Night Of The Living Dems

Again, I get my best ideas from WHERE ARE MY KEYS, a rightwing blog on Townhall.com. Yesterday they posted a link to this article, which cites a study that suggests that dead registered voters tend to be Democrats in a 4-1 ratio. "Perhaps this is why Democrats oppose voter registration cards" the blog snarked. I replied thus:
Democrats oppose the cards because they cost money - they literally force the poor to pay to vote. Hmmmmm, who do the poor generally vote for?
As far as the zombie voting block goes, you probably shouldn't worry about them. It's a pretty small number according to the article, which cites a study performed by the publisher of the article. 77,000 out of 11.7 million! Assuming the ratios are correct, a fifth of that number (about 15,400) will shamble into the the polling place, vote Republican, and eat the brains of volunteers.
The zombie Democrats will take up the slack for black voters who are denied access due to clerical errors, or shortages of polling machines. And don't forget that many zombies this year will be voting on unreliable Diebold machines, which tend to make errors favoring Republican candidates.
Finally that ratio - it doesn't indicate voter fraud, it indicates the registered Democratic dead vs Republican dead, because the numbers were taken from a New York sampling. Registered dead voters in the midwest will skew Republican. In fact, the article states that no incidents of fraud were found in the course of their research.
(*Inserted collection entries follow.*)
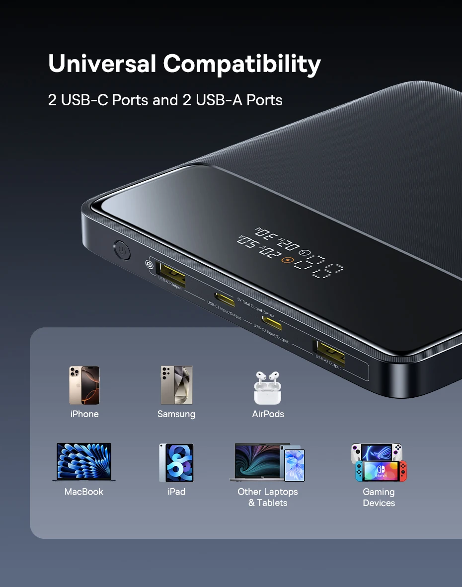 4 Ports for Multiple Devices: Dual USB-A USB-C
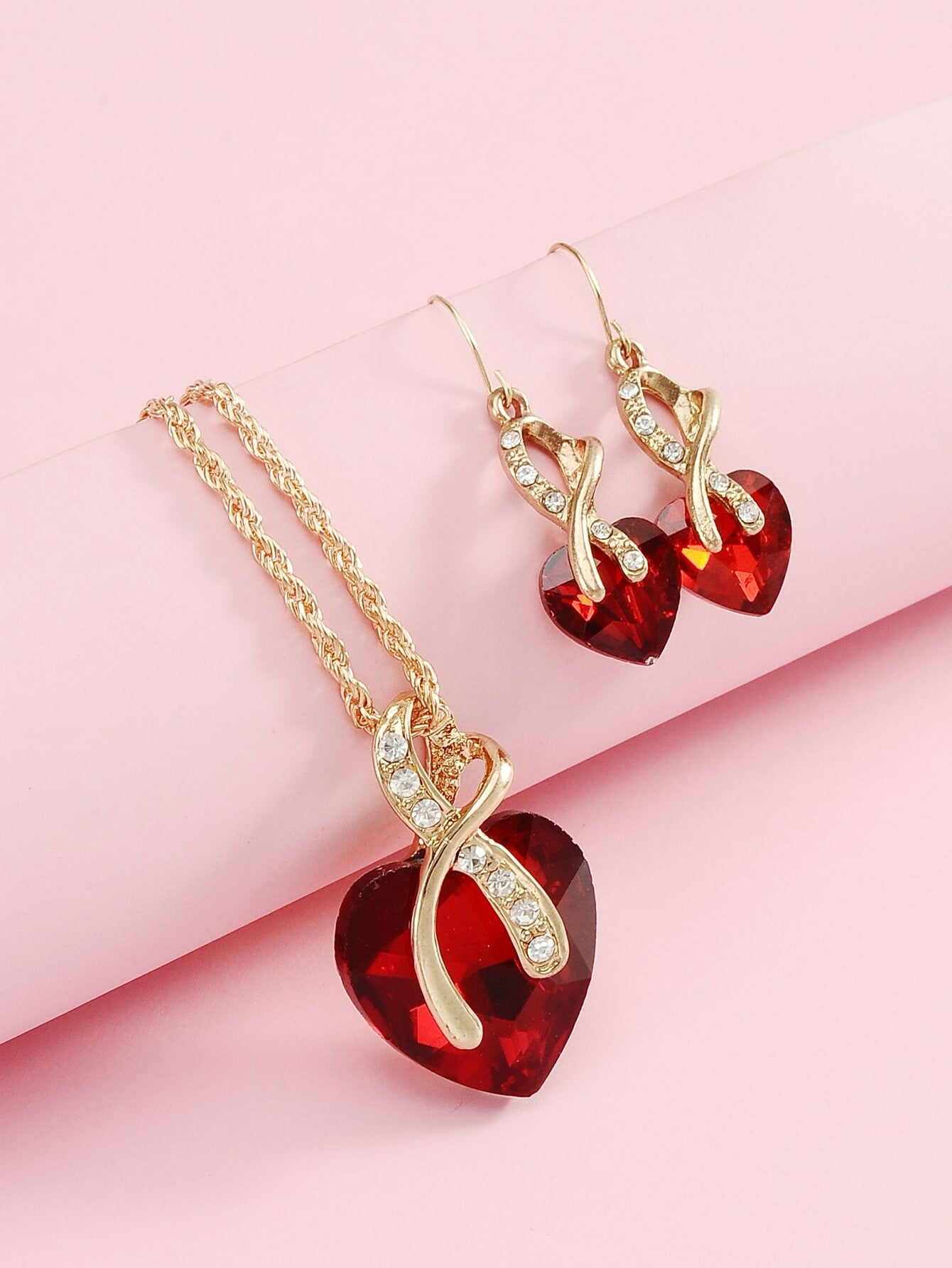 Parure de bijoux à cœur rouge - en cristal de gemme Strass Doré
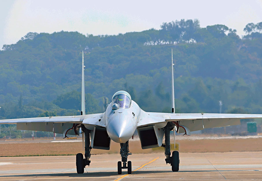(香港文匯報記者 方俊明 珠海報道)海軍重型艦載戰鬥機「殲-15T」6日飛抵珠海,將在第十五屆中國航展亮相。據了解,該款戰鬥機是航母編隊的核心武器裝備,是中國海軍航空兵的重要力量,這也是人民海軍戰機首次出現在中國航展。同日,空軍航空大學「紅鷹」飛行表演隊9架噴氣式「教-8」教練機亦分三批次以編隊形式抵達珠海。針對本屆航展飛行表演,「紅鷹」飛行表演隊設計了20多個特技飛行動作,將為觀眾帶來航空視覺盛宴。
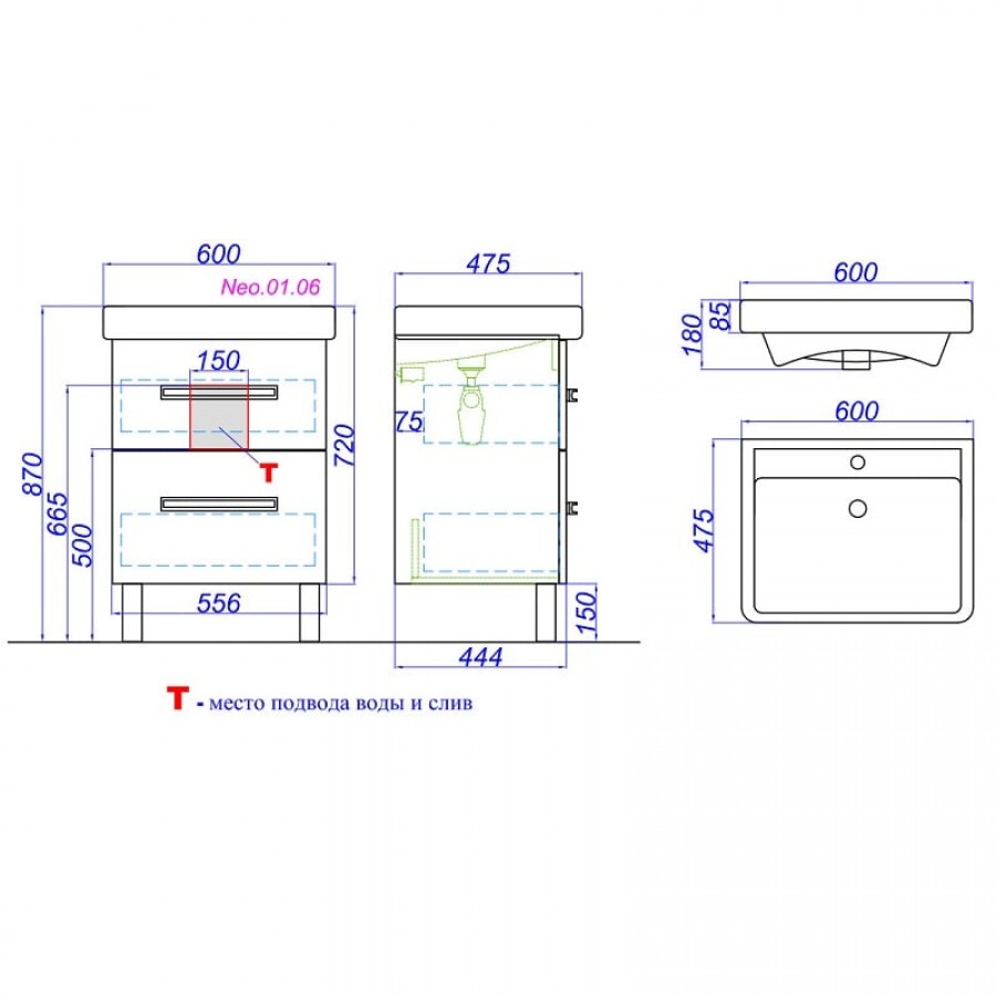 Тумба с умывальником AQWELLA Нео 60 напольная Neo.01.06

Don't fear the dead. Fear Joe Lieberman. He's crushing your Republican candidate in Vermont!

Monday, October 30, 2006

An American Halloween Tail

This weekend provided an unexpected glimpse into what horror movies are all about. Part of the story involves a plumbing emergency.
About a week ago today one of our toilets started backing up, again. We called a plumbing company, big, name brand, and arranged to have some guys show up on Saturday. We knew it was going to cost at least $800 and probably $2000, because there would be digging involved.
So Saturday morning, about 3 hours late, we got a call from the dispatcher asking if we wouldn't mind rescheduling on Sunday. We insisted that we would, in fact, mind. And an hour later (or half an hour after they said) a couple of men arrived. One scrambled on the roof, to operate the endoscopy camera. It's not really an endoscopy but the term is descriptive enough.
No, it's not scary yet.
So we locked the dogs in our pool area, to keep them from annoying the plumbers and escaping through the side gate.
After a few hours the plumbers told us they were going to have to saw through the concrete outside our bedroom, dig a hole and cut into the pipe, and install a clear-out access point. They would come out at nine on Sunday. It would probably cost 2k.
Still not the scary part. Don't worry, it's coming.
So about 10:45am, the plumbers arrived and started jackhammering our back yard. The dogs, locked in the pool area, were circling around the pool, barking at the neighbors, the usual stuff. Lobo, the dumb-as-a-post shepherd, started digging under the shrubs abutting the garage.
The plumbers stopped. We have a three-inch pipe, not the four-inch that they thought, and they'd need different tools. They'd go to the shop, pick them up (if they were there) and finish up later that day.
Here it comes.
While the plumbers were gone, we let the dogs out from the pool area, and lobo immediately started digging into a hole under the pool steps. It was apparently connected to the hole on the other side of the fence that he had been working earlier. I started hearing little squeals. Lobo kept thrusting his paw deep into the hole.
It was then that I noticed a cute, pink little baby mouse, screaming his tiny pointy head off; wriggling in the dirt just under Lobo. But only for a second, because in the next instant the mouse was trapped within Dogulous' powerful jaws. Still screaming like David "Al" Hedison in THE FLY.
Ellen came out the back door and I managed to divert her attention before she saw Dogulous with a tail and a leg wiggling around the front of her mouth. And before the next little baby mouse met the exact same fate. And the third. It appears that Lobo was pulling them out of the nest and Dogulous was taking care of the spoils. The Living Spoils.
It was like a miniature Darfur.
Look, I know this kind of thing goes on all the time in the back yard, usually at night. I just haven't ever been around to SEE it. Now I can't look Dogulous in her big brown eyes without seeing that tail whipping around, just before sliding down her throat, where the hapless mouse will meet his brothers and sisters just before stomach acids mercifully end their brief marsupial lives. I tell ya, I'm going to need therapy.
Oh, and reportedly the plumbers are finishing up the job this afternoon.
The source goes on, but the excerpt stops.